(Stored items from a collection)
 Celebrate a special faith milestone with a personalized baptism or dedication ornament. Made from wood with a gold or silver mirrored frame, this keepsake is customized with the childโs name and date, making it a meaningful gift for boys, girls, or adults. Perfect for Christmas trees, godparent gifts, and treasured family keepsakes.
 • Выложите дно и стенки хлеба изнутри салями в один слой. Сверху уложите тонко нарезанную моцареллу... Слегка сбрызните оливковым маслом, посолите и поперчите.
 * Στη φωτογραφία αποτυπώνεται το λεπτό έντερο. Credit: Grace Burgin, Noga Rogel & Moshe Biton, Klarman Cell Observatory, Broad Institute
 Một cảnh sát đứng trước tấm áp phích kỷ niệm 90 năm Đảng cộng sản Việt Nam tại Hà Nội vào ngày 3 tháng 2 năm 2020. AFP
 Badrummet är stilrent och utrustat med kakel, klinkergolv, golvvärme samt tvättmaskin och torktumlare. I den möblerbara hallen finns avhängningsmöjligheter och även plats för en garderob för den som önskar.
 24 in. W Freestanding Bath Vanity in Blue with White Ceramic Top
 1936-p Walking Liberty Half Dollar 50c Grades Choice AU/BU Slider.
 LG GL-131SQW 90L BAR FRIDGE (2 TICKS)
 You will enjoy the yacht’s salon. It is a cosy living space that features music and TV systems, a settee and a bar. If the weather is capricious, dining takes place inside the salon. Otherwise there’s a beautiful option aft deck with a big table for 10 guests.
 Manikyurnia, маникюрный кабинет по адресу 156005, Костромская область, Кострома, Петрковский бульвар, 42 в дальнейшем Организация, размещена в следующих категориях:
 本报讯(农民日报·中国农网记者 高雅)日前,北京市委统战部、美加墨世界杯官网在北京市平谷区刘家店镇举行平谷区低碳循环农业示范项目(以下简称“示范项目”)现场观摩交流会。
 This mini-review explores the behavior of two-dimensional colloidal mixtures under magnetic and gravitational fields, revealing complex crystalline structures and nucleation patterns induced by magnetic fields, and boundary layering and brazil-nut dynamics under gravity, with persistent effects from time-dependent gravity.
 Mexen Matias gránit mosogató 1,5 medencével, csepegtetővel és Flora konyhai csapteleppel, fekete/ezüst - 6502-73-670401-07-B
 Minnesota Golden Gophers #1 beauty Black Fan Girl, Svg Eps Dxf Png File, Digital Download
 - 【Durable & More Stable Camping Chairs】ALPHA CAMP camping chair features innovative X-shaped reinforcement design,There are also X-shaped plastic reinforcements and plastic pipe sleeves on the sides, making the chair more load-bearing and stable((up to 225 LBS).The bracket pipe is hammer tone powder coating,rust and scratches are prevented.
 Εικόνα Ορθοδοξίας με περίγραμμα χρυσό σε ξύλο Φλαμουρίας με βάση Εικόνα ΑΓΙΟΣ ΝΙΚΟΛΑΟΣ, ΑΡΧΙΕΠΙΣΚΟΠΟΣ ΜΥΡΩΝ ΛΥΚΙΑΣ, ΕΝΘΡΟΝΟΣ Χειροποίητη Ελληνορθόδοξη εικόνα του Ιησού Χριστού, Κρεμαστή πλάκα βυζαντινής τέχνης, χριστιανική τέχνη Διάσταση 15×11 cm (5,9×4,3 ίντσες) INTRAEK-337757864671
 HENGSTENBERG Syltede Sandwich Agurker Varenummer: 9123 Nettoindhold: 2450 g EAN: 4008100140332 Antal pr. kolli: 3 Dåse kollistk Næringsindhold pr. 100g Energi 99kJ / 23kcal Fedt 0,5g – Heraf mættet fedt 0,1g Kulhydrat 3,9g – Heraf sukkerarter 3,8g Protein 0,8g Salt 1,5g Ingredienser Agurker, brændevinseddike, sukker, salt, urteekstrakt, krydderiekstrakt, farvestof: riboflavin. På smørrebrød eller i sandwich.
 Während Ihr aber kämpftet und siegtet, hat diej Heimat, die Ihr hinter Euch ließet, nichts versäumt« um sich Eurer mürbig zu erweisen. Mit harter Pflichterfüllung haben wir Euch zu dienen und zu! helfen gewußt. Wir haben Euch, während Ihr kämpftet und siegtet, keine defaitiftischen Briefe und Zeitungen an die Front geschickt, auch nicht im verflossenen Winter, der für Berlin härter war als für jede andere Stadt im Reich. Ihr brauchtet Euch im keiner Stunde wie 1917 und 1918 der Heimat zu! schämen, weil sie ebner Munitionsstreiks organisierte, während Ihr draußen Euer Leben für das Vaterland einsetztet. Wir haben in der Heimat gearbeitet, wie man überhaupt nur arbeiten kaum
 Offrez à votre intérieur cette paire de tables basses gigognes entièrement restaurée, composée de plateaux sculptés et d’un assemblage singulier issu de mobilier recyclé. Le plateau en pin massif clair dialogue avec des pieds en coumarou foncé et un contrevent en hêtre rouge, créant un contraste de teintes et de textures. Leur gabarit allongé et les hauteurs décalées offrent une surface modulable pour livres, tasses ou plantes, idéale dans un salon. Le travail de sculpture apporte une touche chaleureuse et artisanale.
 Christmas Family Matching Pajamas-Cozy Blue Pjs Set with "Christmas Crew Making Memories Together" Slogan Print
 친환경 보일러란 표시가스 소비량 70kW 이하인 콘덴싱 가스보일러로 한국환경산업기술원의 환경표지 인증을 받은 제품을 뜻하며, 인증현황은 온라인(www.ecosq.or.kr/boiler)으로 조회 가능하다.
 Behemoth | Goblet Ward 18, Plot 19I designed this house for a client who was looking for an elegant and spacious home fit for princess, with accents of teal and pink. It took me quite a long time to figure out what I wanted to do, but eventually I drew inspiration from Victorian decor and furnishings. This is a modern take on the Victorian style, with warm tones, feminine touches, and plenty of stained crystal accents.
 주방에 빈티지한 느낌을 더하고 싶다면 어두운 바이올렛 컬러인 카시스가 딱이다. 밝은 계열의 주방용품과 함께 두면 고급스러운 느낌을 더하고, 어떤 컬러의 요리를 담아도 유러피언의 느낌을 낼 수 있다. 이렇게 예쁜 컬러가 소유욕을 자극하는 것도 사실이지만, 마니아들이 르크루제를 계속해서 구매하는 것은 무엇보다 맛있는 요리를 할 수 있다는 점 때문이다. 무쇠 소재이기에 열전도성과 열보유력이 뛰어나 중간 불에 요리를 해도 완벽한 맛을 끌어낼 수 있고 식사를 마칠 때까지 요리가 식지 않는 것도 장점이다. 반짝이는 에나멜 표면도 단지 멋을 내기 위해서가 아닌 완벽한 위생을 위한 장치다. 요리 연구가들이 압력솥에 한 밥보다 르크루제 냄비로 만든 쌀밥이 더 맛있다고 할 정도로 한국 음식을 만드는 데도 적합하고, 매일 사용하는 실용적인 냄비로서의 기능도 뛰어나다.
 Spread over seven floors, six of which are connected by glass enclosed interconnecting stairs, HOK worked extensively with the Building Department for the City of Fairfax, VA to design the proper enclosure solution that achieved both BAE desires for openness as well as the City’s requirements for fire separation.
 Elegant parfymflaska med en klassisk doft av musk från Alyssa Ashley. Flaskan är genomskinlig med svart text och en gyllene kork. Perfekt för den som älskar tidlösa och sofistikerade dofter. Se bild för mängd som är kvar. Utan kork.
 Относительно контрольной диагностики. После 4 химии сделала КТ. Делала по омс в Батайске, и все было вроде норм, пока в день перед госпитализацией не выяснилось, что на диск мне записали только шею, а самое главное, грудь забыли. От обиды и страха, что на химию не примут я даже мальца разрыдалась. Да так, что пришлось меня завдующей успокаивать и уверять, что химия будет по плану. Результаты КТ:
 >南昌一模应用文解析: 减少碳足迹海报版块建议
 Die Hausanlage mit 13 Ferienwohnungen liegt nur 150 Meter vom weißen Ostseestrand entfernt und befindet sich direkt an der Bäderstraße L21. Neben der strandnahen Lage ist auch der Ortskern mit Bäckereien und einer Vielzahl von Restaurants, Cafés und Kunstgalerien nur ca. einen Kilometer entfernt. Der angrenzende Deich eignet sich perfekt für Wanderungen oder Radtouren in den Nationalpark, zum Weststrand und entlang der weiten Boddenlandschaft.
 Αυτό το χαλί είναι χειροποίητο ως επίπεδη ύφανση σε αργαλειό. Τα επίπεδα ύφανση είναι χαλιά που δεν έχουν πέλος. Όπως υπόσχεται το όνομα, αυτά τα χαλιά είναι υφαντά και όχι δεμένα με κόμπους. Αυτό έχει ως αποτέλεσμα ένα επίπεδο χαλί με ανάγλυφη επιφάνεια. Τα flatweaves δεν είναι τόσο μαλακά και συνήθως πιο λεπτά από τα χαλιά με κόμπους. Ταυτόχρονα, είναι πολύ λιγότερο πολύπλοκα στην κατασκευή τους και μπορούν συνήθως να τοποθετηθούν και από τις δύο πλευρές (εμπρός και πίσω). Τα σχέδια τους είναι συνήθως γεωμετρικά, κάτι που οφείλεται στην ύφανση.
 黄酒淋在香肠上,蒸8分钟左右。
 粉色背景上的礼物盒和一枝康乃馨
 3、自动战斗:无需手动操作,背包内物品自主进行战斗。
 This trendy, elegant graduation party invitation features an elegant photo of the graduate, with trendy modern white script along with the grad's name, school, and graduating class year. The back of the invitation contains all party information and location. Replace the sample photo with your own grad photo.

*Task:* Among the records above, repeat exactly the line with "HENGSTENBERG Syltede Sandwich", the line with "Behemoth | Goblet", and every line in between, and only those.

*Exercise result:*
 HENGSTENBERG Syltede Sandwich Agurker Varenummer: 9123 Nettoindhold: 2450 g EAN: 4008100140332 Antal pr. kolli: 3 Dåse kollistk Næringsindhold pr. 100g Energi 99kJ / 23kcal Fedt 0,5g – Heraf mættet fedt 0,1g Kulhydrat 3,9g – Heraf sukkerarter 3,8g Protein 0,8g Salt 1,5g Ingredienser Agurker, brændevinseddike, sukker, salt, urteekstrakt, krydderiekstrakt, farvestof: riboflavin. På smørrebrød eller i sandwich.
 Während Ihr aber kämpftet und siegtet, hat diej Heimat, die Ihr hinter Euch ließet, nichts versäumt« um sich Eurer mürbig zu erweisen. Mit harter Pflichterfüllung haben wir Euch zu dienen und zu! helfen gewußt. Wir haben Euch, während Ihr kämpftet und siegtet, keine defaitiftischen Briefe und Zeitungen an die Front geschickt, auch nicht im verflossenen Winter, der für Berlin härter war als für jede andere Stadt im Reich. Ihr brauchtet Euch im keiner Stunde wie 1917 und 1918 der Heimat zu! schämen, weil sie ebner Munitionsstreiks organisierte, während Ihr draußen Euer Leben für das Vaterland einsetztet. Wir haben in der Heimat gearbeitet, wie man überhaupt nur arbeiten kaum
 Offrez à votre intérieur cette paire de tables basses gigognes entièrement restaurée, composée de plateaux sculptés et d’un assemblage singulier issu de mobilier recyclé. Le plateau en pin massif clair dialogue avec des pieds en coumarou foncé et un contrevent en hêtre rouge, créant un contraste de teintes et de textures. Leur gabarit allongé et les hauteurs décalées offrent une surface modulable pour livres, tasses ou plantes, idéale dans un salon. Le travail de sculpture apporte une touche chaleureuse et artisanale.
 Christmas Family Matching Pajamas-Cozy Blue Pjs Set with "Christmas Crew Making Memories Together" Slogan Print
 친환경 보일러란 표시가스 소비량 70kW 이하인 콘덴싱 가스보일러로 한국환경산업기술원의 환경표지 인증을 받은 제품을 뜻하며, 인증현황은 온라인(www.ecosq.or.kr/boiler)으로 조회 가능하다.
 Behemoth | Goblet Ward 18, Plot 19I designed this house for a client who was looking for an elegant and spacious home fit for princess, with accents of teal and pink. It took me quite a long time to figure out what I wanted to do, but eventually I drew inspiration from Victorian decor and furnishings. This is a modern take on the Victorian style, with warm tones, feminine touches, and plenty of stained crystal accents.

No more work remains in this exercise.